Den Sturm auf das Kapitol haben viele Menschen kommen sehen, sie waren besorgt und haben diesen Moment gefürchtet – oder wie es Twitter-User Ed Stern treffend formuliert hat: "Well that escalated steadily for four years."

Unabhängig davon, dass jene Republikaner, die Trump über Jahre geschützt und unterstützt haben und mindestens gewähren ließen, die Hauptschuld für die Ereignisse vom 6. Januar tragen, muss der Kontrollverlust von Washington auch allen Journalisten wie die Quittung für die Verfehlungen ihrer Arbeit in den letzten Jahren vorkommen – sozusagen wie die Vorführung der eigenen Grenzen.

Das Ringen der Reporter mit dieser Regierung

Wenn jemand so beratungsresistent ist wie Trump und zugleich so offensichtlich an einer narzisstischen Persönlichkeitsstörung leidet, sollte man infolge dieser Erkenntnis nicht mehr an ihn appellieren, sondern an die Parteigenossen des Präsidenten, an seine Möglichmacher. Aber jene Vertreter der Presse, denen die Wahrung demokratischer Zustände ein wichtiges Anliegen ist, haben sie nicht erreicht. Eindrucksvoll nachzuempfinden ist diese Machtlosigkeit gegenüber der erratischen Macht in der Dokumentation "Mission Wahrheit", die einen Blick hinter die Kulissen der "New York Times" und damit auf die Verzweiflung ihrer Reporter im Ringen um den Umgang mit dieser Regierung freilegt.

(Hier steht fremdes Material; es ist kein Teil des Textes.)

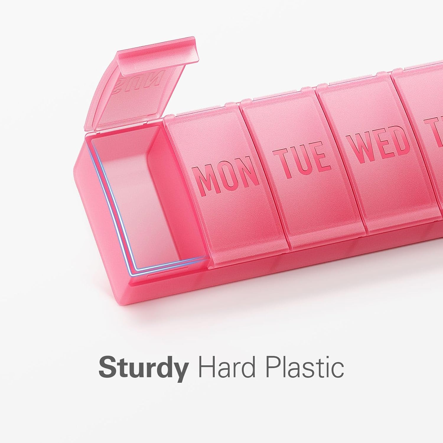 - Upgraded Easy Open Design: Ingenious design with protruding edge of the lids makes the pill case easy to open, no problem for the elderly or arthritis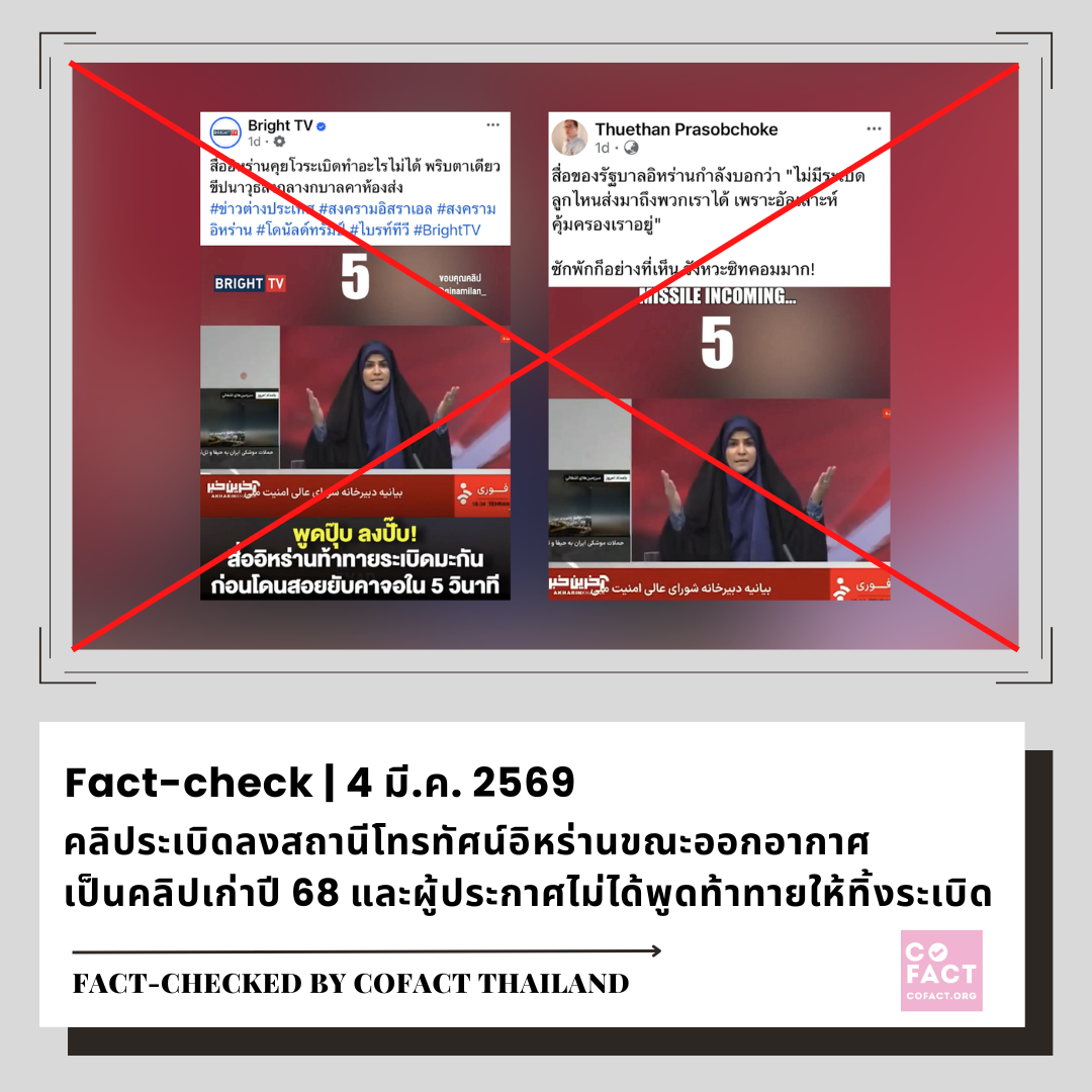 📝 เนื้อหาโดยสรุป: วันที่ 3 มี.ค. 2569 เพจเฟซบุ๊ก “Bright TV” เผยแพร่คลิปวิดีโอภาพเหตุโจมตีสถานีโทรทัศน์อิหร่านทำให้ผู้ประกาศหญิงต้องหนีเอาชีวิตรอดขณะกำลังออกอากาศสด ในคลิปฝังข้อความ “พูดปุ๊บ ลงปั๊บ สื่ออิหร่านท้าทายระเบิดมะกัน ก่อนโดนสอยยับคาจอใน 5 วินาที” คำบรรยายในโพสต์ระบุว่า “สื่ออิหร่านคุยโวระเบิดทำอะไรไม่ได้ พริบตาเดียวขีปนาวุธลงกลางกบาลคาห้องส่ง” และติดแฮชแท็กที่ทำให้เข้าใจว่าเป็นเหตุที่เกิดขึ้นในสถานการณ์การสู้รบในตะวันออกกลางที่กำลังดำเนินอยู่ในปัจจุบัน คลิปนี้มียอดชมมากกว่า 3.2 ล้านครั้ง ณ วันที่ 4 มี.ค. (ลิงก์บันทึก)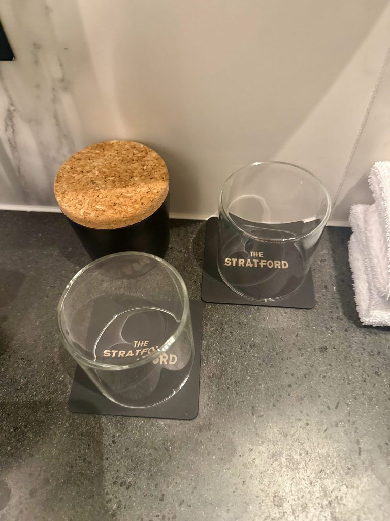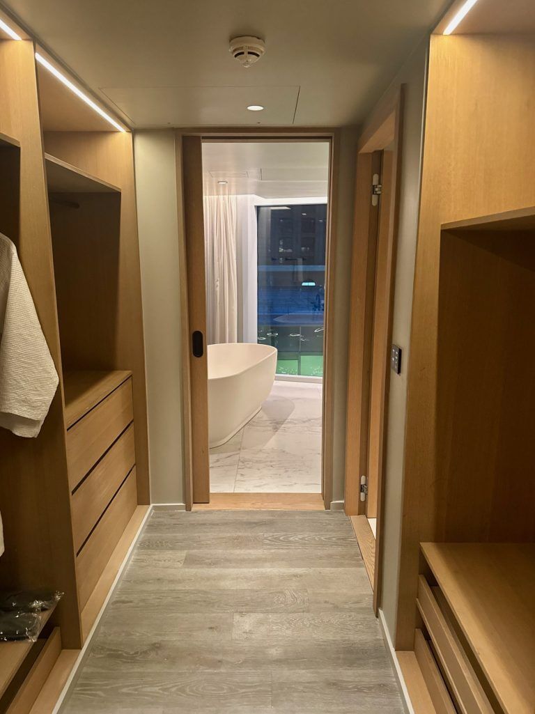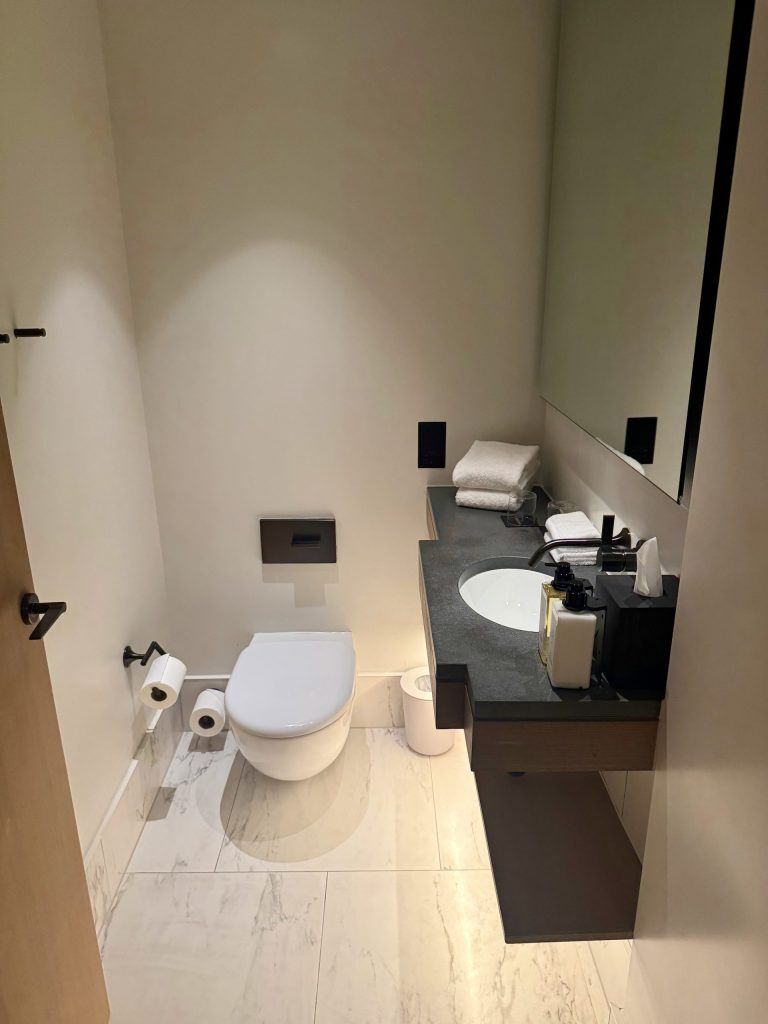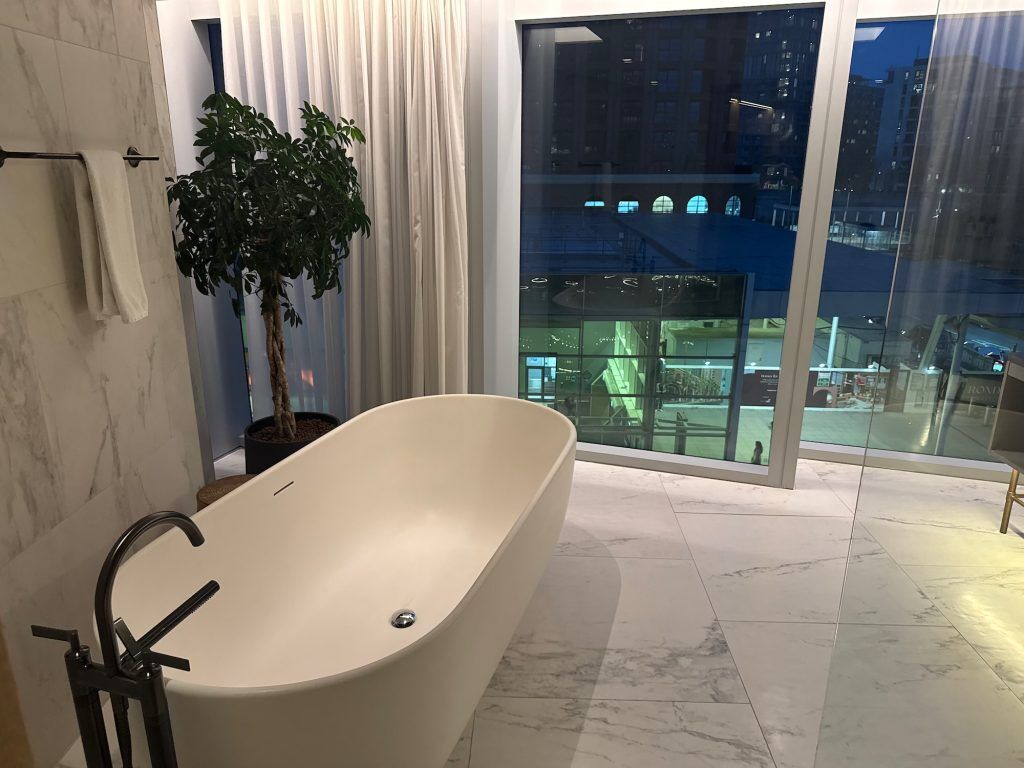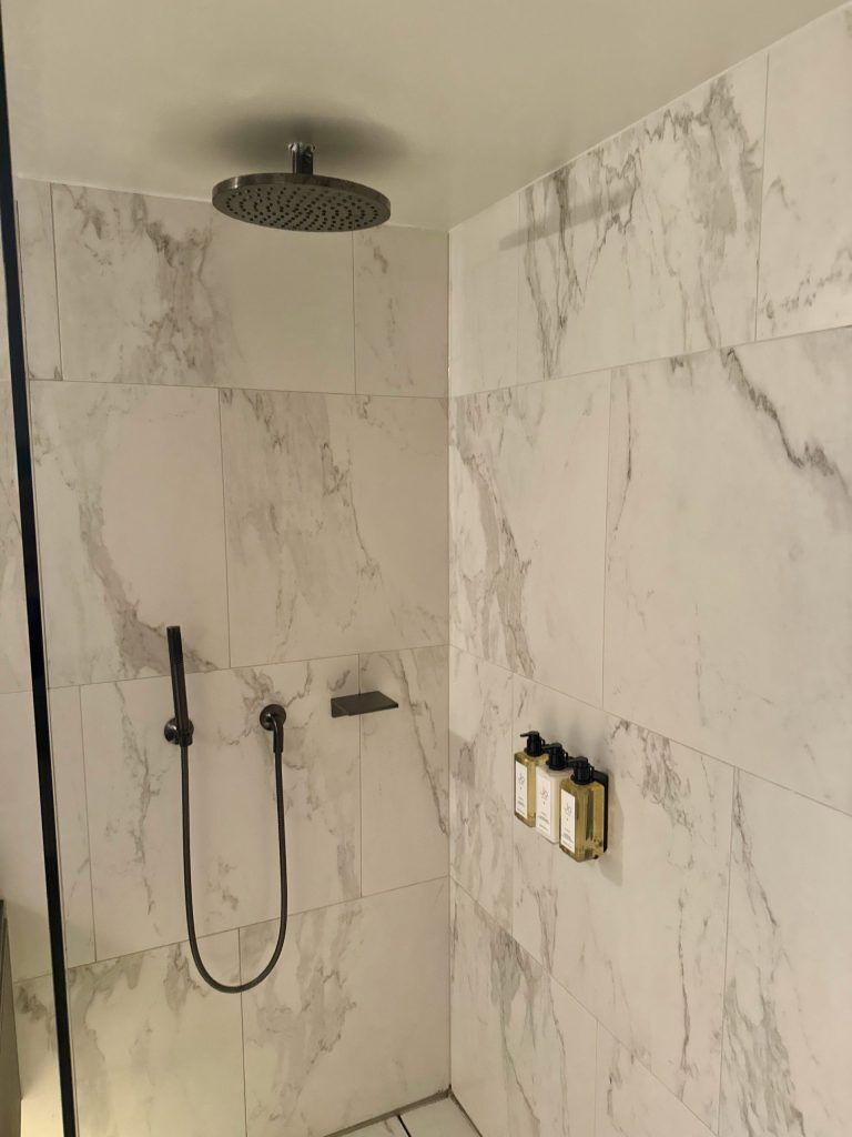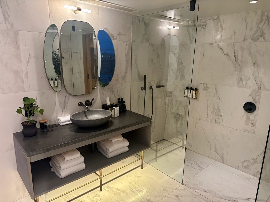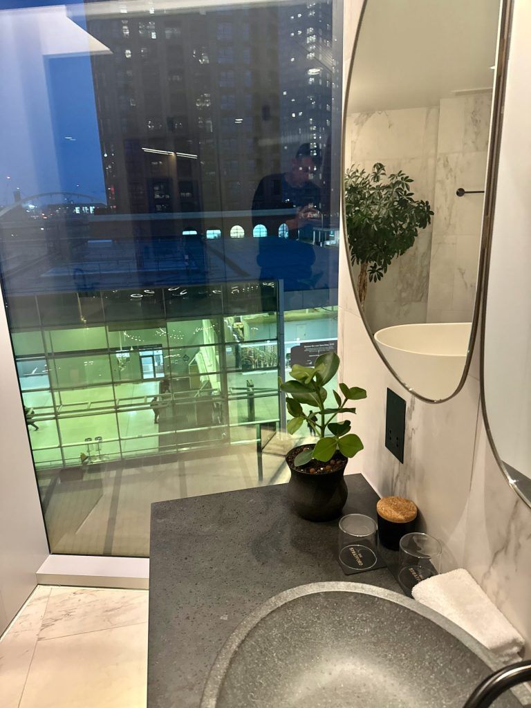 The lavatory is a sanctuary in its personal proper, encased in easy marble, with comfortable flooring and ceiling lighting. A sculptural freestanding bathtub is positioned by the window, which appears down on Stratford Worldwide Station. Throughout from the tub, is a big glass-sided rainfall bathe and a glossy vainness space. Simply bear in mind, the home windows aren’t one-way, so for added privateness, you should definitely draw the mesh curtains earlier than sinking into the bathtub… 😉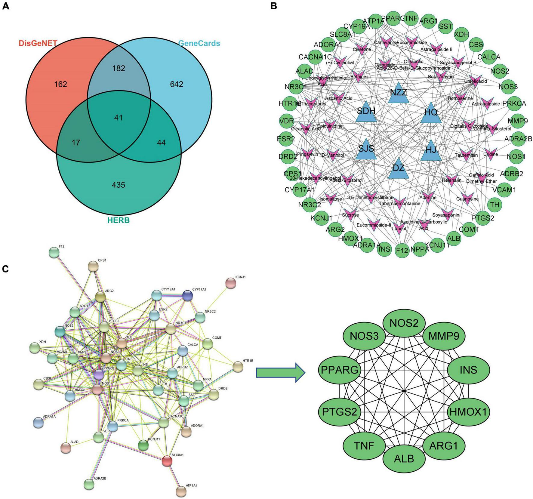 BATMAN-TCM2 (21) was used to collect the active components and targets of core herbs. The parameters were set as score>30 and P< 0.05. GeneCards3 (22) and DisGeNET4 (23) were used to collect the targets of hypertension. GeneCards parameters were set as relevance score ≥ 4. DisGeNET parameters were set as gene-disease association score ≥ 0.2.

Diese Regierung wird in wenigen Tagen Geschichte sein, aber das Ringen um den Umgang mit den Kräften, die sie getrieben und befeuert hat, wird weitergehen. Und so wird die Binse von Trump als Folge des Problems, und damit eben nicht seiner Ursache, zum einzigen Trost einer ansonsten bitteren Bilanz dieser Amtszeit, einer Parabel schwindender Macht und wachsender Ohnmacht der "alten" Medien: dass wir weiter die Chance haben werden, es besser zu machen. Dass wir den richtigen Umgang immer noch finden können.

Denn Trumps Vermächtnis ist, dass die unheilvolle Zwietracht natürlich nicht mit seiner Ablösung als Präsident verschwinden wird. Ein Vermächtnis, das der US-Demokratie – und damit traditionell auch dem westlichen Verständnis von Demokratien – immer noch zum Verhängnis werden kann. Aber das wird auch davon abhängen, wie wir darüber berichten.